Question 7 - 15 points

SIGPIPE is a signal generated by the operating system. It is generated when a process calls write() on a file descriptor that is the write end of a pipe or socket. If there is no read end of the pipe or socket (all of the potential readers have closed the read file descriptor), then the operating system generates SIGPIPE and delivers it to the process.
You need to write a signal handler. This is a procedure that will get called by the operating system when it generates SIGPIPE. You register the signal handler with the signal() system call. When you return from the signal handler, then the operating system will have your write() call return with a return value that indicates something went wrong.
My recommended way to deal with SIGPIPE is to use a stdio buffer (FILE *) for writing to the file descriptor. Register a signal handler that simply returns, and then you can test the return values of the stdio calls (e.g. fgets(), fflush(), fwrite()) for errors. There are two reasons why this is advantageous. First, you can deal with the errors synchronously (by testing return values) rather than asynchronously (with the signal handler). Second, there are multiple levels of buffering that go on, both in the operating system and in the stdio library, which means that you never catch SIGPIPE exactly when you think it should be generated. Using the stdio library makes this code structure clean and easy-to-understand.

Grading

Your answer needed some flavor of the following components:

Q1: Sigpipe is a signal: 1 point
Q1: SIGPIPE is generated by the operating system: 1 point
Q1: SIGPIPE Happens when you call write(): 1 point
Q1: SIGPIPE Happens when there is no read-end of the pipe or socket: 2 points
Q2: You have to write a signal handler that "handles" the error: 3 points
Q2: You register the signal handler with the signal() system call: 2 points
Q3: Signal handler simply returns: 1 point
Q3: Write using a (FILE *) instead of a file descriptor: 2 points
Q3: Test the return value of the fwrite/fflush/fprintf calls: 1 point
Q3: This helps with all of the timing/buffering issues: 1 point

Obviously, not everyone's answers fit this pattern, so I tried to adjust accordingly.

ChatGPT does a decent job with this question too, although, since it uses many more sources than my lecture notes, it handles the question is a much different way than I do above.
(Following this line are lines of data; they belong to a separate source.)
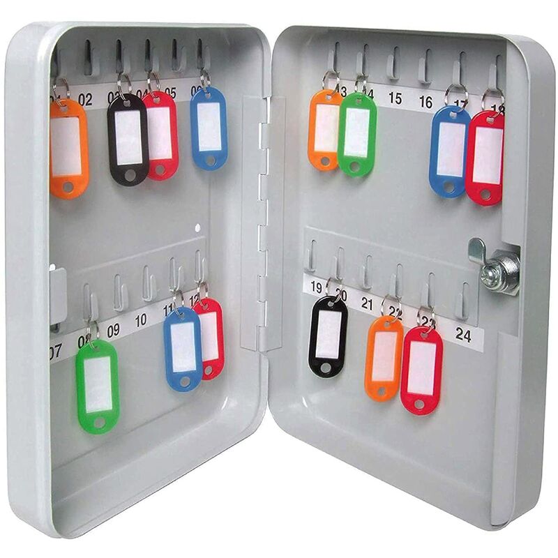 Questa cassetta di sicurezza con montaggio a parete per 24 chiavi realizzata in robusto acciaio con un'elegante finitura Silver e con serratura a cilindro è la scelta perfetta per la casa, la scuola, gli uffici o le agenzie immobiliari.
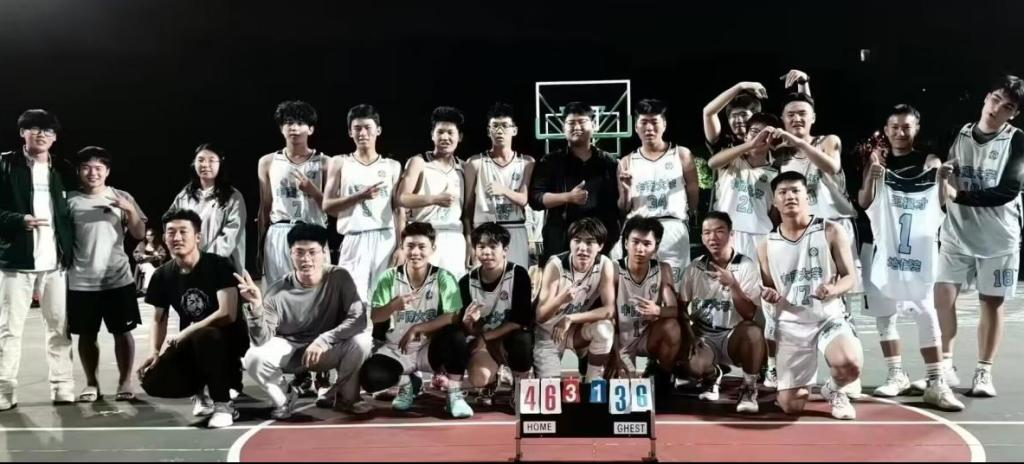 赛后,双方球员列队击掌以示敬意,与裁判握手致谢,共同合影留念。至此,地信院新生篮球队首战结束。地信院2023级辅导员赵乐到场参与,为队员加油鼓劲。期待地信院新生篮球队未来不断突破自我、再创佳绩。
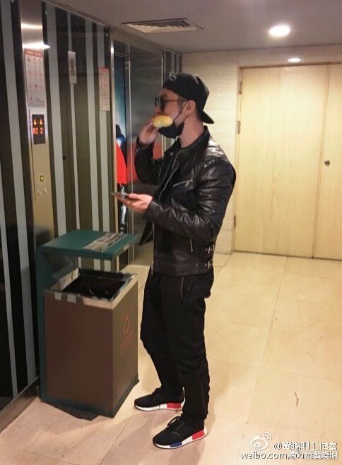黄晓明晒垃圾桶旁吃饭照 Baby喊话把垃圾桶还给我
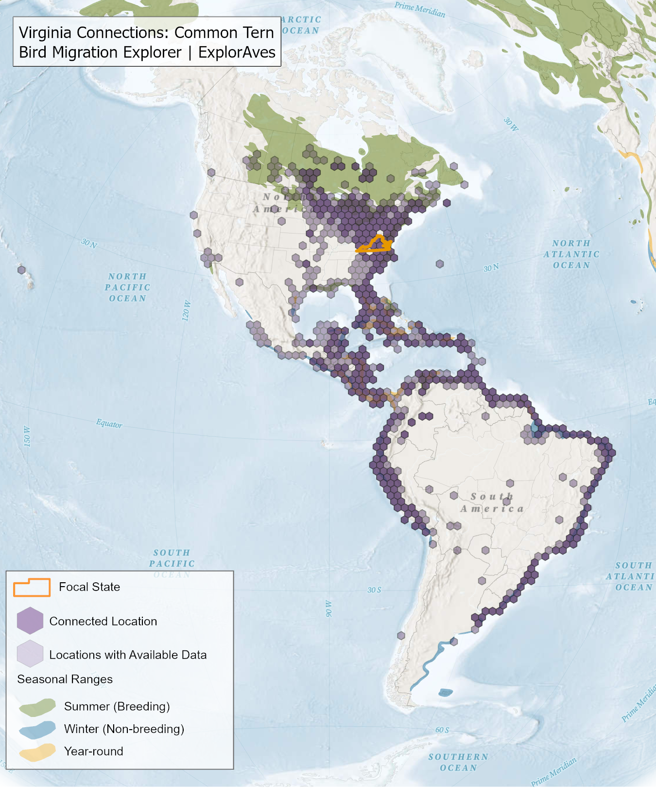This map shows direct connections between Virginia and locations across the hemisphere based on available tagging data for individual Common Tern's shared by researchers for the Bird Migration Explorer. Data were generously shared by researchers for the Bird Migration Explorer. The map displays the hexagons that are connected to the state (dark purple) as well as hexagons with available tagging data for the species (light purple) with no direct connections to the state. Explore more connections for Common Tern on the Bird Migration Explorer. Download map.
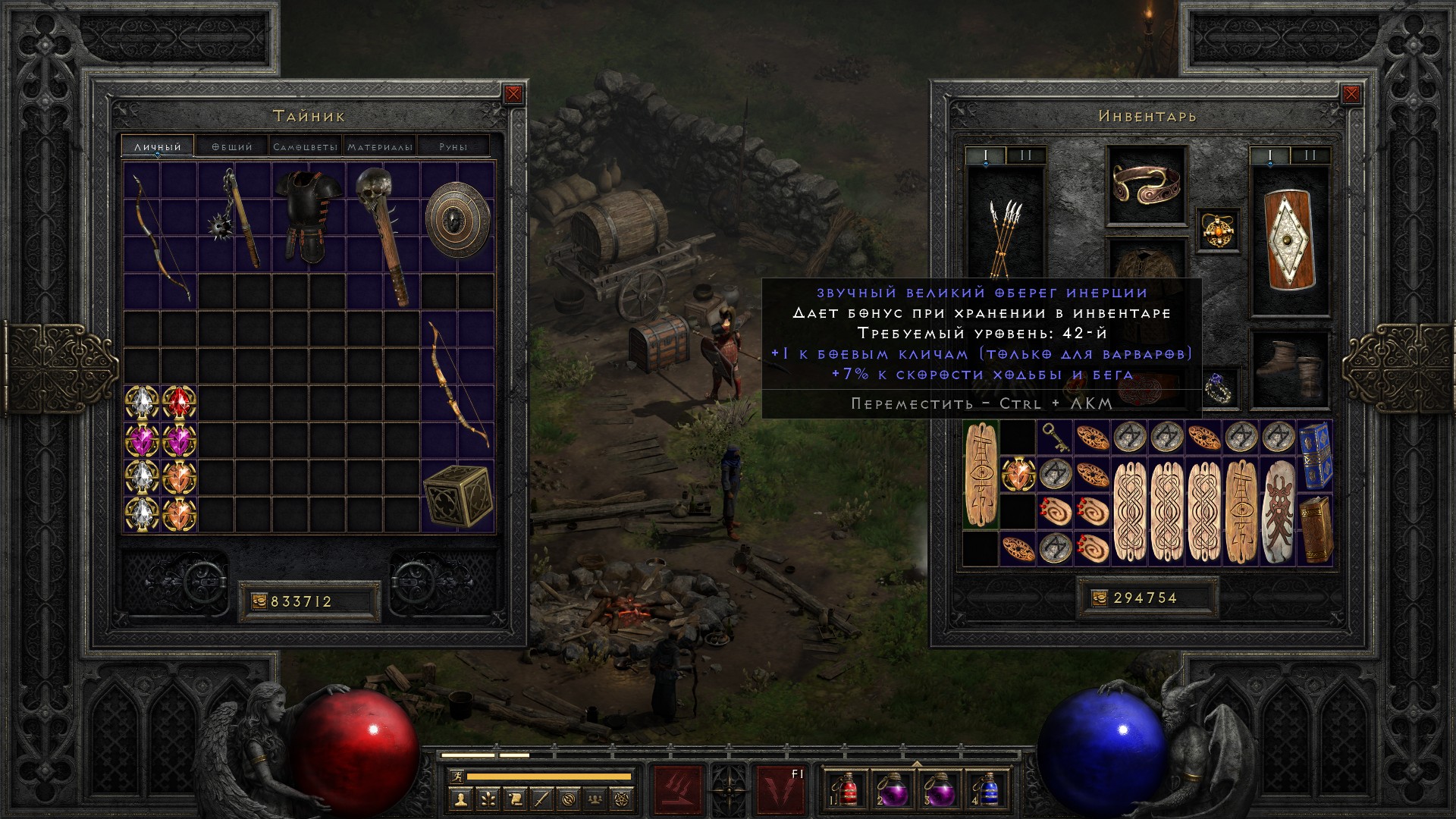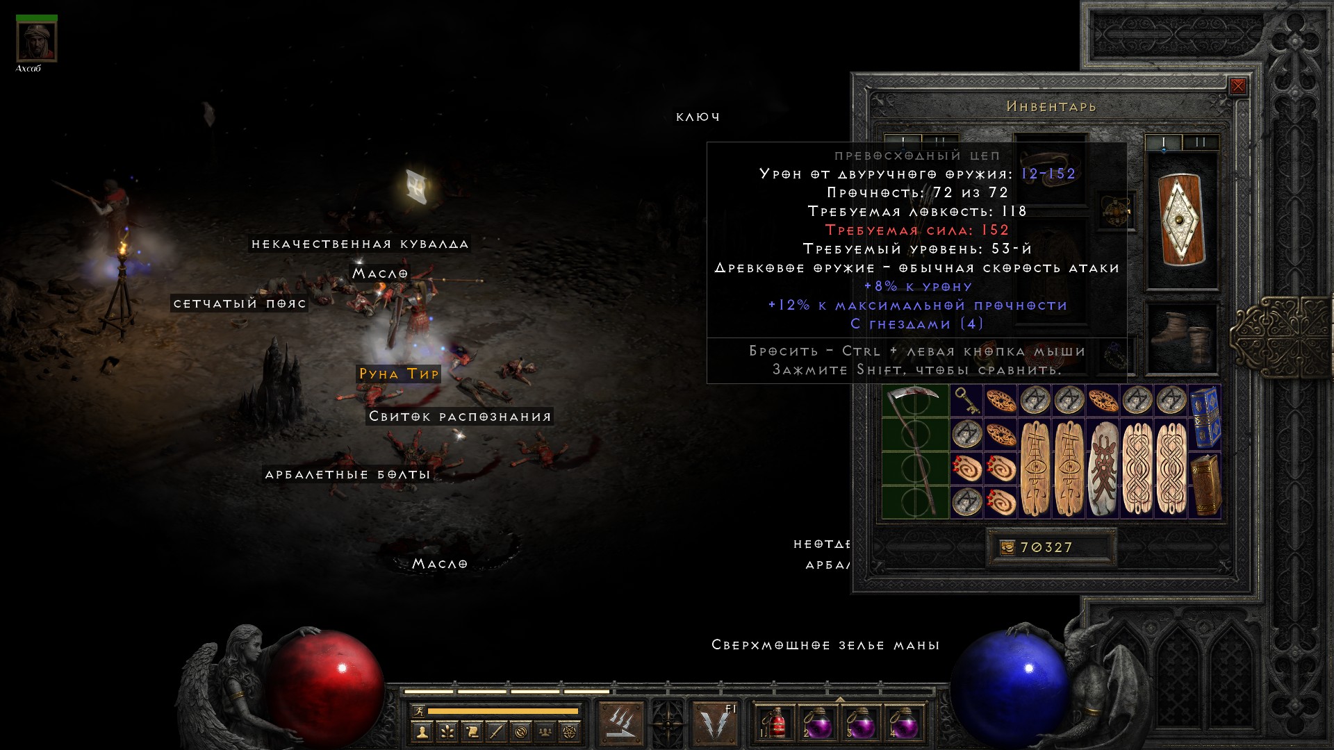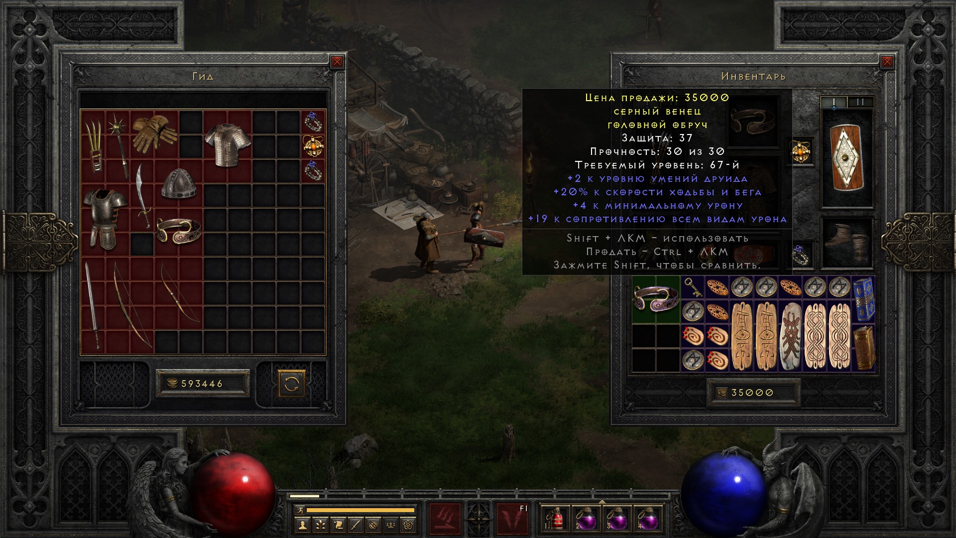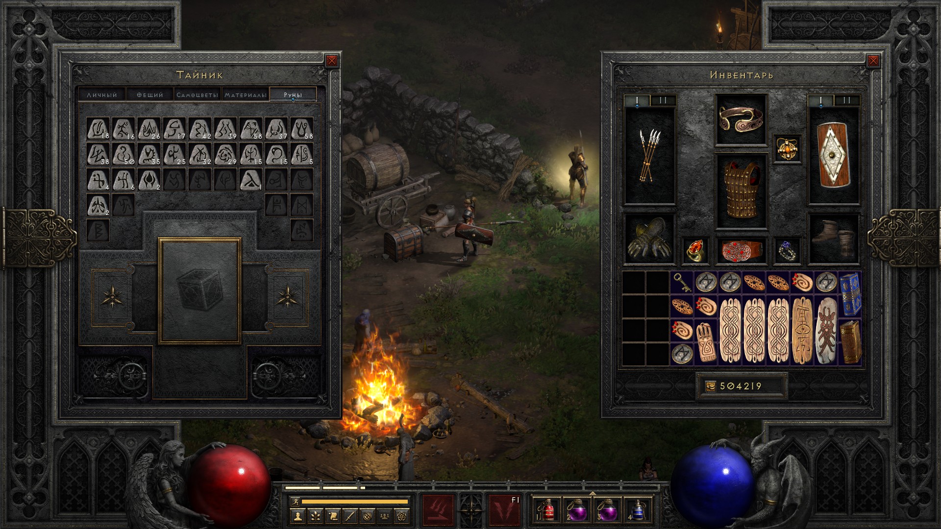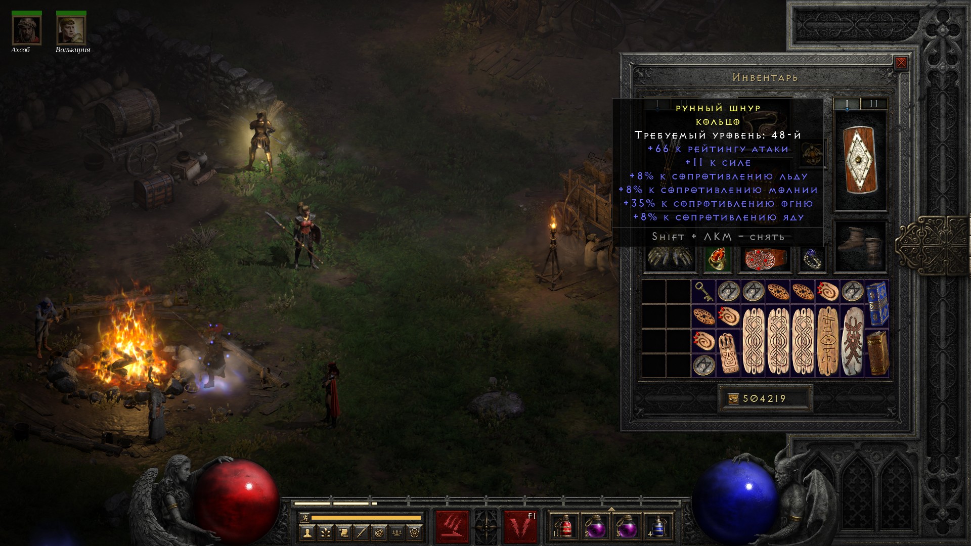 Возвращаю в инвентарь великий чарм на +13% ко всем сопротивлениям и меня старую броню на броню с рунным словом Дым, которое дает +50% ко всем сопротивлениям.
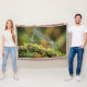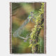 A stunning, high-resolution macro photograph capturing a mating pair of damselflies (Calopteryx or similar species). The insects display brilliant iridescent blue and green bodies and transparent wings, forming the iconic 'wheel' formation on a mossy, water-laden branch. This detailed image highlights the intricate beauty of nature and is perfect for nature lovers, entomologists, and anyone seeking dramatic, vibrant insect art. Ideal for Metal Prints, Canvas, or Framed Posters.
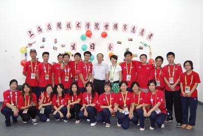 康年发表热情洋溢的讲话,他称赞我校志愿者在服务世游赛期间所展现出来的不畏辛苦、乐于奉献的精神;感谢志愿者为上海的重大赛事做出的贡献,展示了我校大学生的风采,为学校争得了荣誉。他为志愿者们佩带精心设计的徽章。
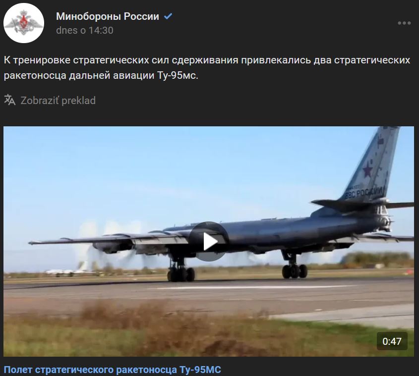 Na výcviku síl strategického odstrašenia sa podieľali 2 lietadlá Tupolev Tu-95MS (Ту-95мс) Zdroj https://vk.com/wall-133441491_948618 z 26.10.2022
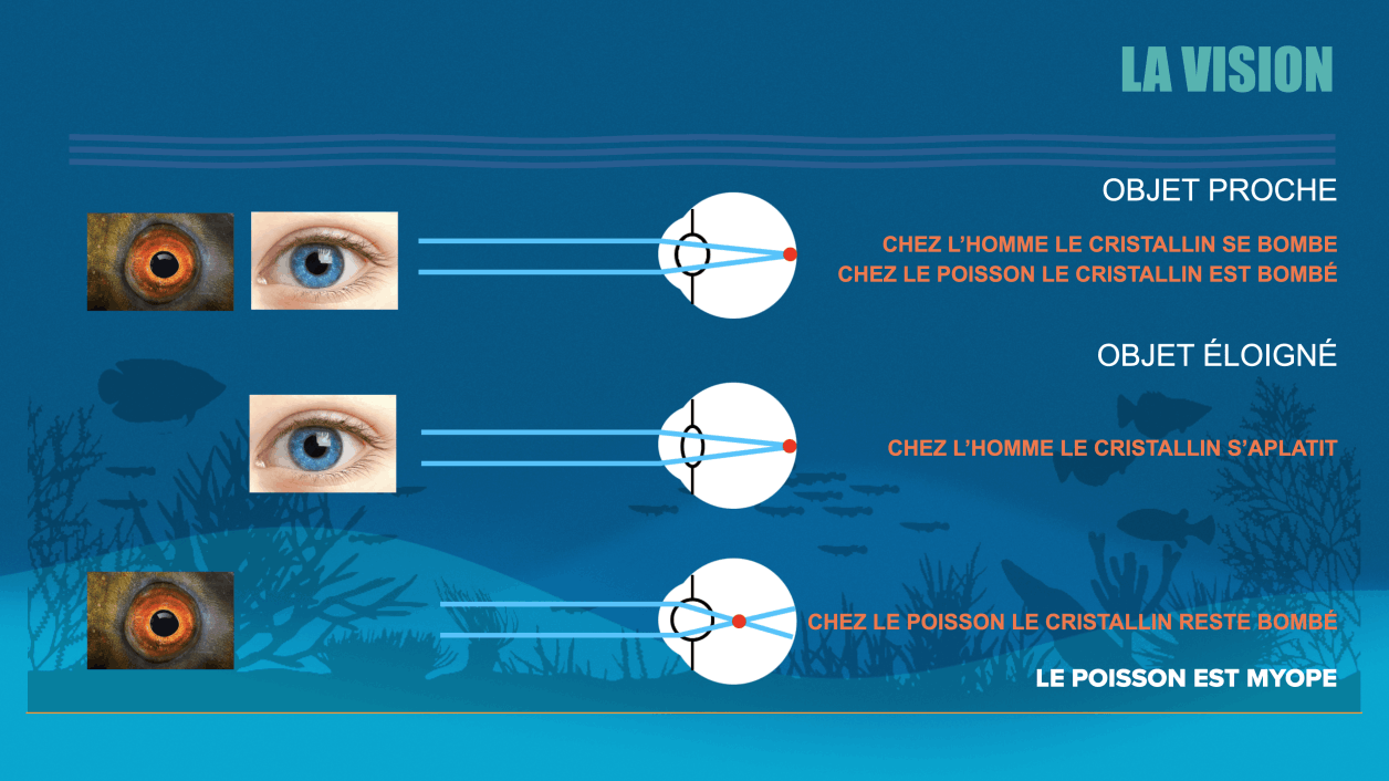 Les poissons ont développé des adaptations spécifiques pour voir sous l'eau. Les yeux des poissons sont généralement sphériques avec une grosse pupille, ce qui leur permet de focaliser la lumière différemment de nos yeux humains. Cette forme sphérique aide à compenser la réfraction de la lumière dans l'eau, permettant aux poissons de voir clairement un objet proche, et flou un objet lointain car le cristallin du poisson ne peut pas se déformer comme celui de l'homme.

In particular, its answer to tha last part focuses on more general advantages of the stdio library, rather than how I advocate its use in this class. So I would take off for ChatGPT's answer here.

Regardless, if your answers to questions 6 and/or 7 were too ChatGPT-like, I concluded that you were cheating, because none of you write like this, and ChatGPT's lingo is not influenced by my teaching, and in this instance is quite different.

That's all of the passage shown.